通路を彩るように――あるいは侵入した不届き者を見張るみたいに配置された石像にも、命が宿りそうな迫真の造形美が与えられている。
人間がこれらを真っ当に作ろうとしたら、千年あっても足りない。
これが、妖魔たちが破壊精霊に懸ける信仰心なのか。
「にしても、静かだな……」
百人が横一列に並んでも余裕そうな大通路の端をおっかなびっくり歩きつつ、ルーキはつぶやいた。

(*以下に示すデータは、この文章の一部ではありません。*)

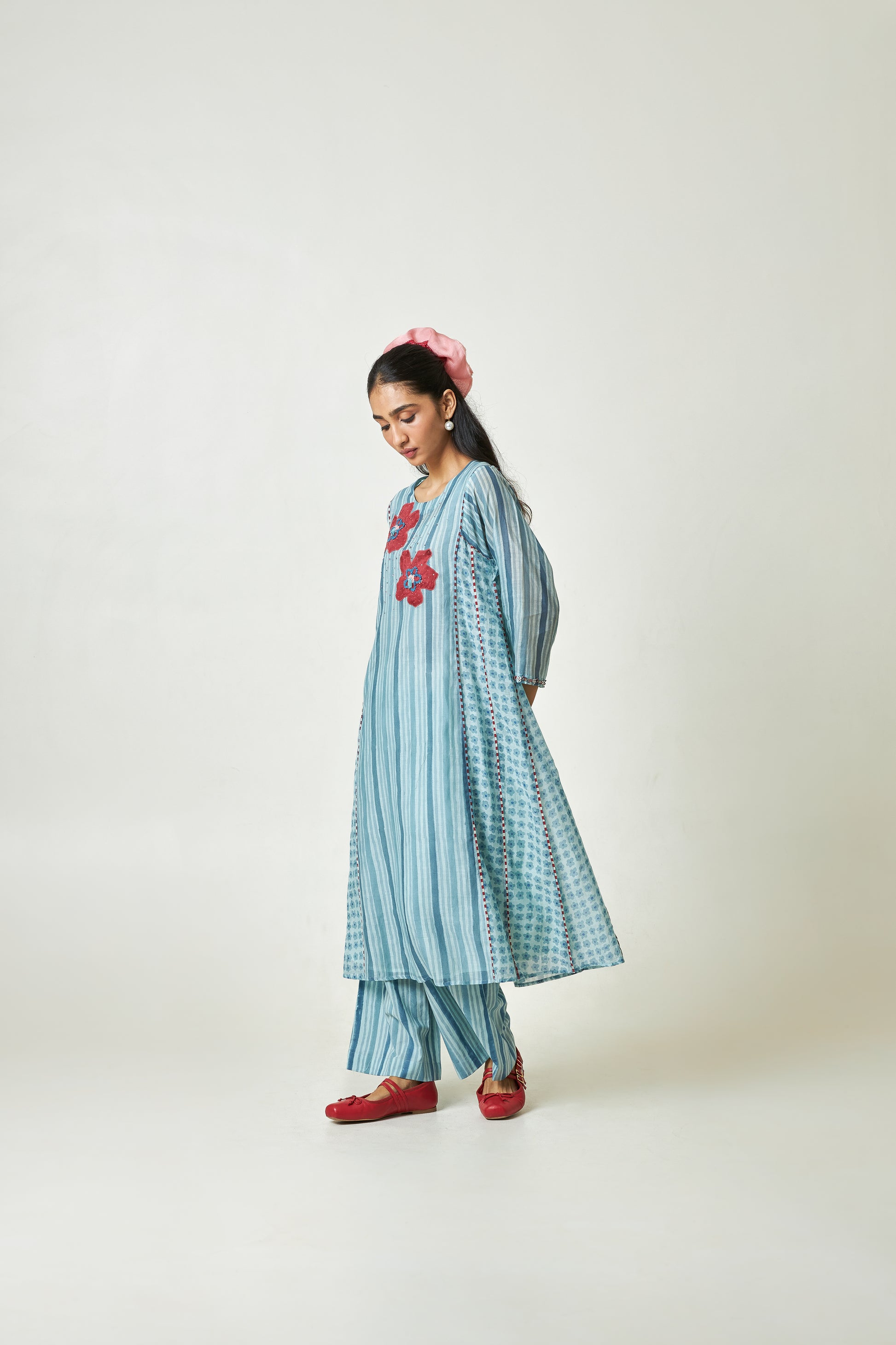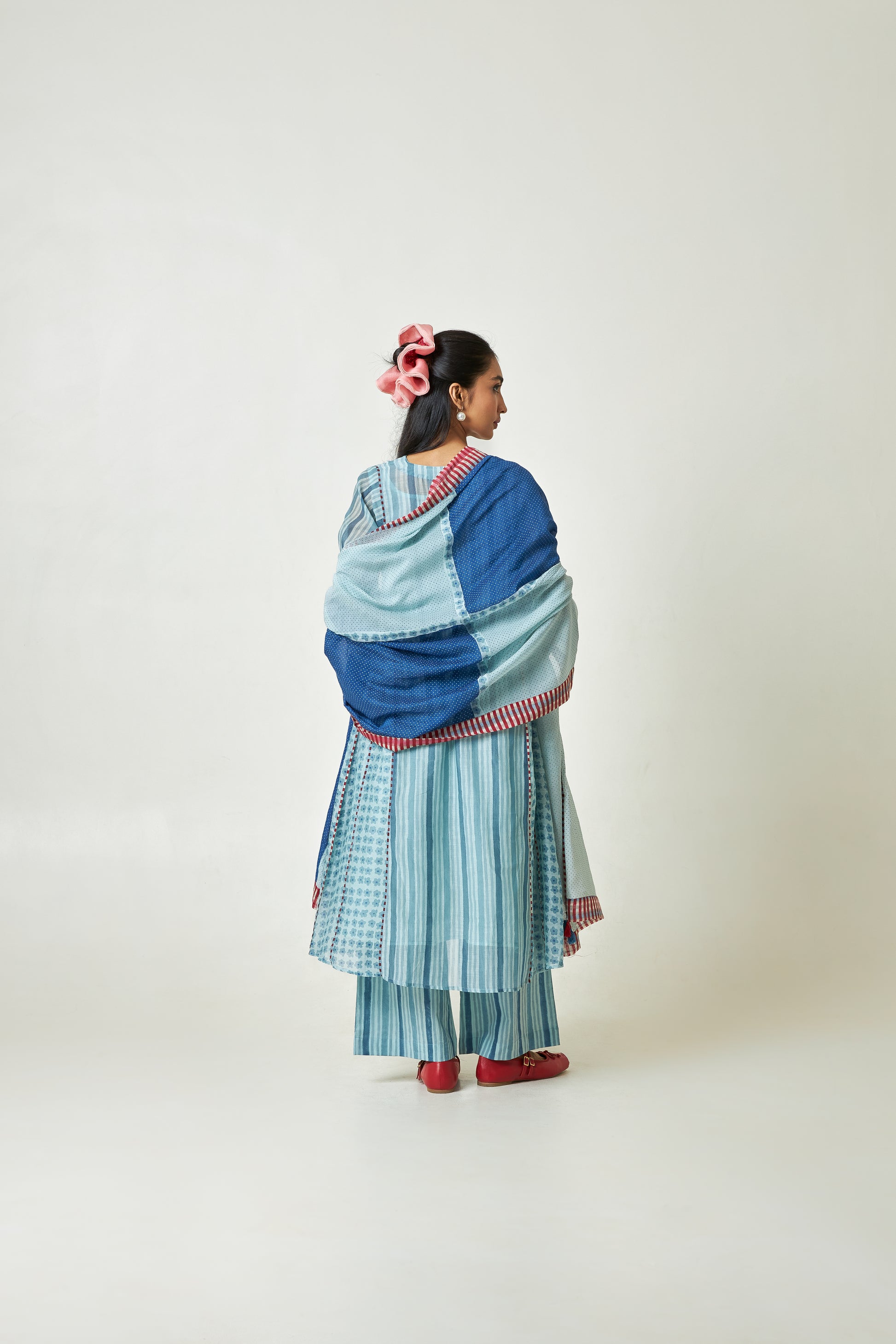 DESCRIPTION: Blue hand block printed chanderi mul long kurta has round neck with hand and machine embroidery in the front. sleeves has hand embroidery on the hem. kurta has separate lining. Bottom is straight fit in hand block printed cotton. Dupatta is in chanderi mul with hand block printed border all over, and tassels on the side.

死角を作らないような位置取りをしているが、敵の姿はおろか気配すらない。
「元々、ここはそんなにモンスターがいる場所じゃないから」
サマヨエルの返事を聞いて、ルーキはふと疑問に思ったことを口にした。
「そういえば、ロングダリーナからはモンスターの歩き狩りが奨励されてないんだよな。いいのか? ここが敵の本拠地なんだろ?」
〈ランペイジ〉の目的は、走者が往来することにって人の通り道からモンスターを排除することだ。しかし、モンスターの大発生源であるこの地でのそうした活動は推奨されていない。

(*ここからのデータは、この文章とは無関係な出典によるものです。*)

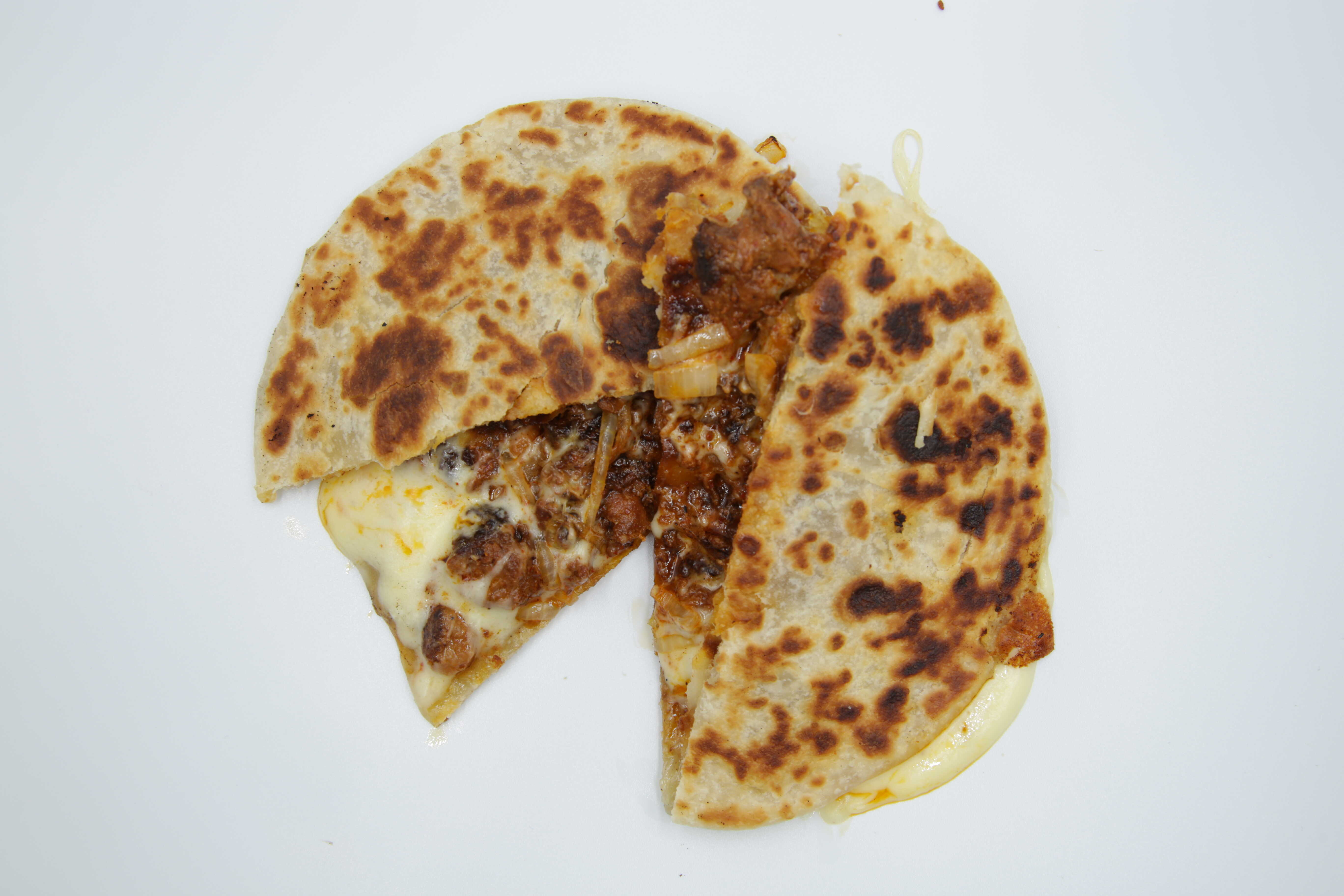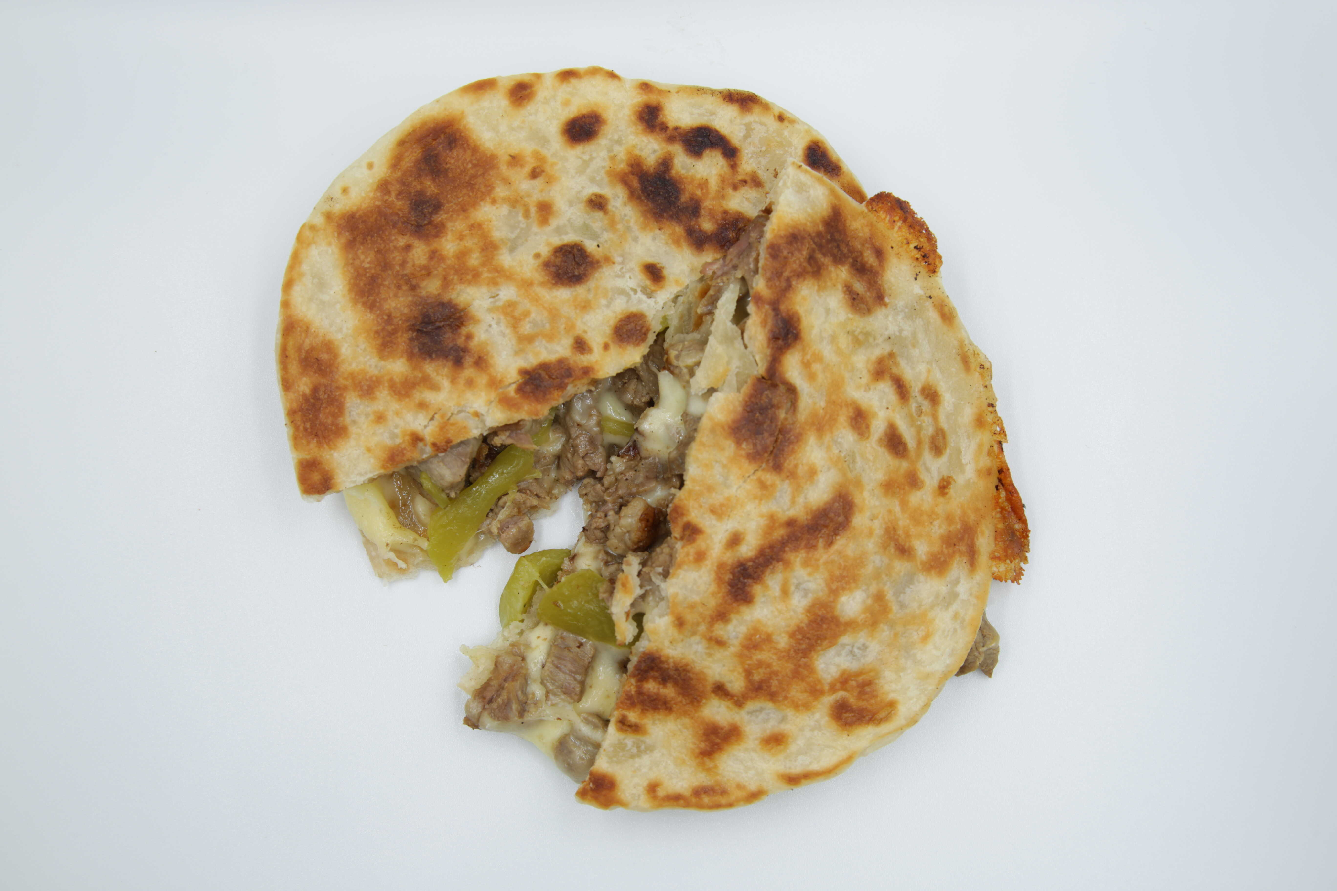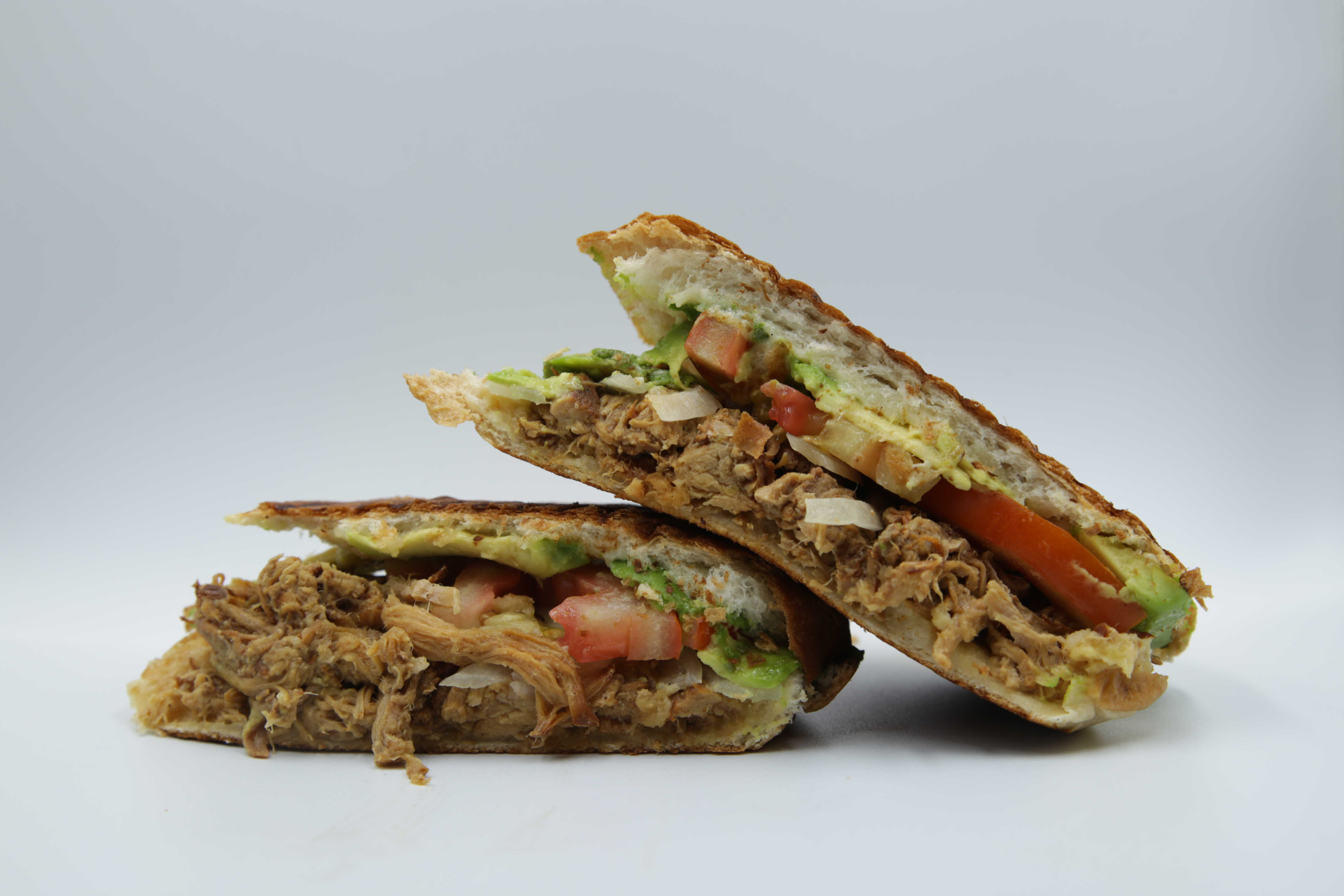 Pan telera, aguacate, tomate, cebollita asada, carne adobada y queso.

「うん、本拠地。つまりモンスターたちの本来の住まいなの。だから、ここでは人間たちの方が部外者。ここで戦えば、彼らの住処を荒らすことになる」
「あっ、そっかあ……」
精霊サファイアスは、アレンガルドの守り神であって、人間の守り神ではない。モンスターの住まいを一方的に侵すようなことはしないのだ。
「じゃあ、ここに来た意味は?」
走者のチャートはあくまでドライな計画表。次に何をするのかは記されているが、それが何を意味するかまでは補足していないことが多い。所詮、その土地のストーリーだ。走者には関係ない。
「ここにはね。わたしが来ることに意味があるんだよ」
サマヨエルは両手を握り合わせながら、少し得意げに語った。
「ここは妖魔たちの祈りの力が充満してる。それが、本来無色透明であるはずの破壊精霊に邪悪な意志を宿らせてしまうの。でも、サファイアス様と繋がってるわたしたちが近づくことで、その邪悪な意志を吹き散らすことができるんだよ」
「つまり、ここに来るだけで浄化できるってことか。はえー、すっごい便利」
「でしょ?」
「ただ、ここからはむこうも必死ですよ」
リズの怜悧な声が、ルーキたちの会話を静かに冷やした。
「悪霊神官は当然として、ソーラの影響を強く受けた特級のモンスターたちが祈りの妨害を阻止しに来ますから。ここからが本当の〈ロングダリーナ〉の始まりと言っていいでしょう」
「また始まるのかよ……」
ルーキは思わずぼやいたが、こちらの対応策は、あの洞窟を抜けた時点で上限に達している。
想定外を想定しろなどという言葉遊びは意味をなさず、できることはただチャートの方針を守ることだけ。そう割り切って惑わないことしかなかった。
もう甘いだけの夢は期待しない。
ゴールへは、この泥だらけの足でたどり着く。
風邪ひいたときにみる支離滅裂な夢。